The BJP led the government of Rajasthan from March 1990 to November 1998, and again from December 2003 to December 2008, when the Left-of-Center Congress Party won the election.

The incidence of Christian persecution is said to have decreased since the BJP’s defeat in the 2008 state election, with the exception of sporadic incidents.

About 30 suspected Hindu extremists assaulted two Christian workers from Gospel for Asia and chased them into the jungle near Rajasthan’s Banswara city on Sept. 4, 2009. (See “Recent Incidents of Persecution,” Sept. 29, 2009.)

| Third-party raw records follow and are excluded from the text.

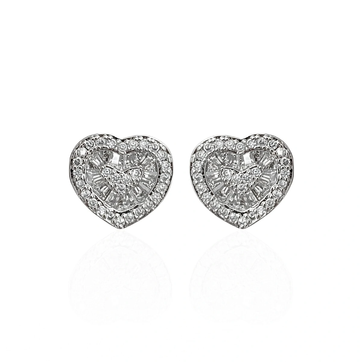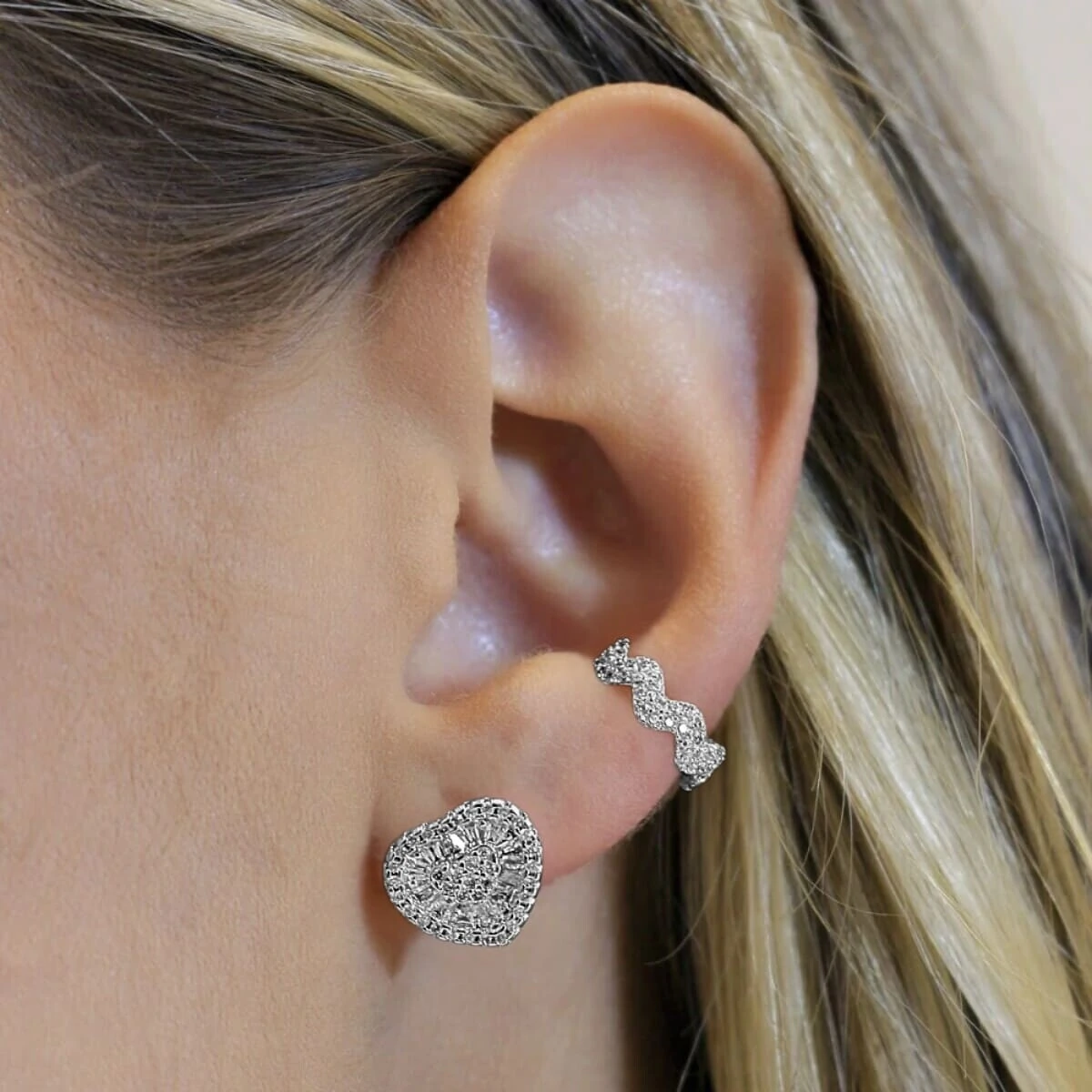 Esse par de brincos, de tamanho médio, apresenta um mini coração cravejado em seu centro, rodeado por pedras em formato baguete que adicionam ainda mais brilho e elegância.
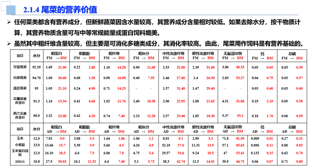 尾菜中含有营养成分,但因含水量较高,营养浓度相对较低。如果去除水分,按干物质计算,其营养物质含量可与中等常规能量或蛋白饲料媲美。虽然其中粗纤维含量偏高,但主要是可消化多糖类成分,消化率较高。由此可见,尾菜用作饲料是有营养基础的。
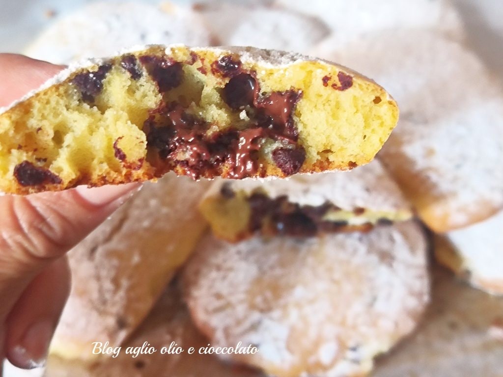 Em uma tigela grande, bata ligeiramente os ovos com o açúcar com um batedor manual ou uma colher, adicione todos os ingredientes e por último a farinha com o fermento peneirados. Misture bem e, por fim, adicione o chocolate picado. Forre com uma folha de papel manteiga uma assadeira e, com a ajuda de duas colheres, forme montinhos do tamanho que desejar, mas bem espaçados entre si, e leve ao forno a 180 graus por cerca de 15/20 minutos. Retire do forno e polvilhe com o açúcar de confeiteiro. Abaixo deixo algumas dicas
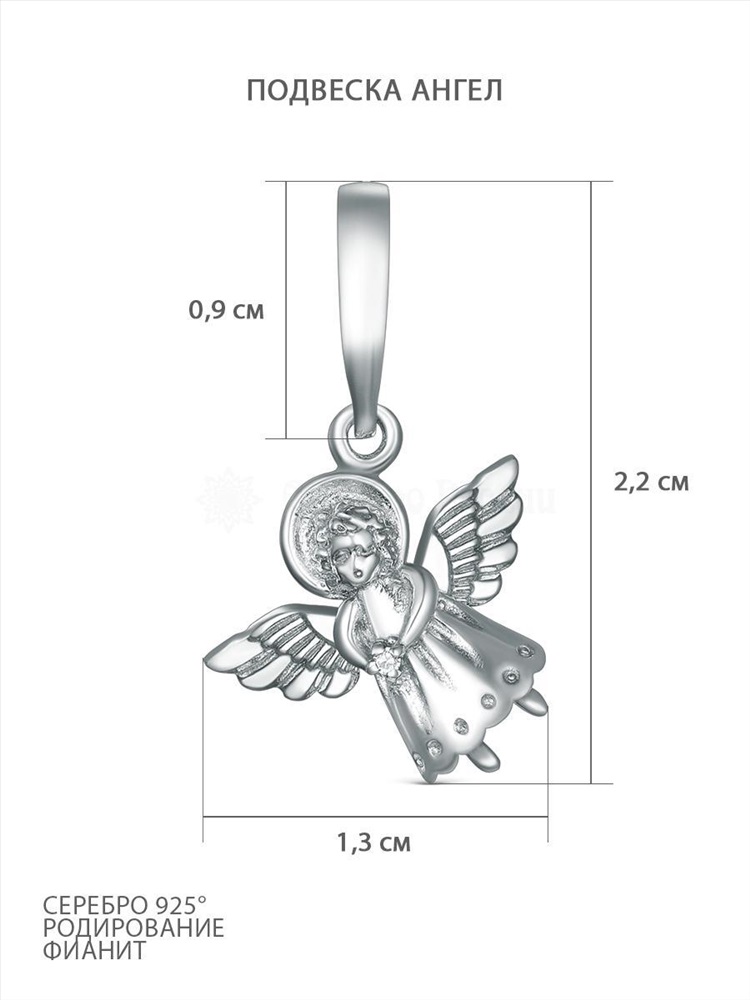 Подвеска из серебра с фианитом родированная - Ангел п-012р

On March 21, 2009, Hindu nationalists from the Vishwa Hindu Parishad (VHP or World Hindu Council) attacked Bible students and staff members of the Believers Church and demanded 10,000 rupees (US$193) from them in Udaipur city. (See “Recent Incidents of Persecution,” March 31, 2009.)

On April 29, 2007, at least 14 Hindu extremists in Jaipur, Rajasthan attacked Pastor Walter Masih with sticks and rods as television cameras recorded the scene, leaving him bleeding profusely. The then-Hindu nationalist government in the state declined to prosecute the more serious charges against the assailants.

BJP leaders harassed leaders of the Emmanuel Mission International (EMI), based in Kota city, in 2006, leading to the arrest of the Christians and the freezing of EMI bank accounts.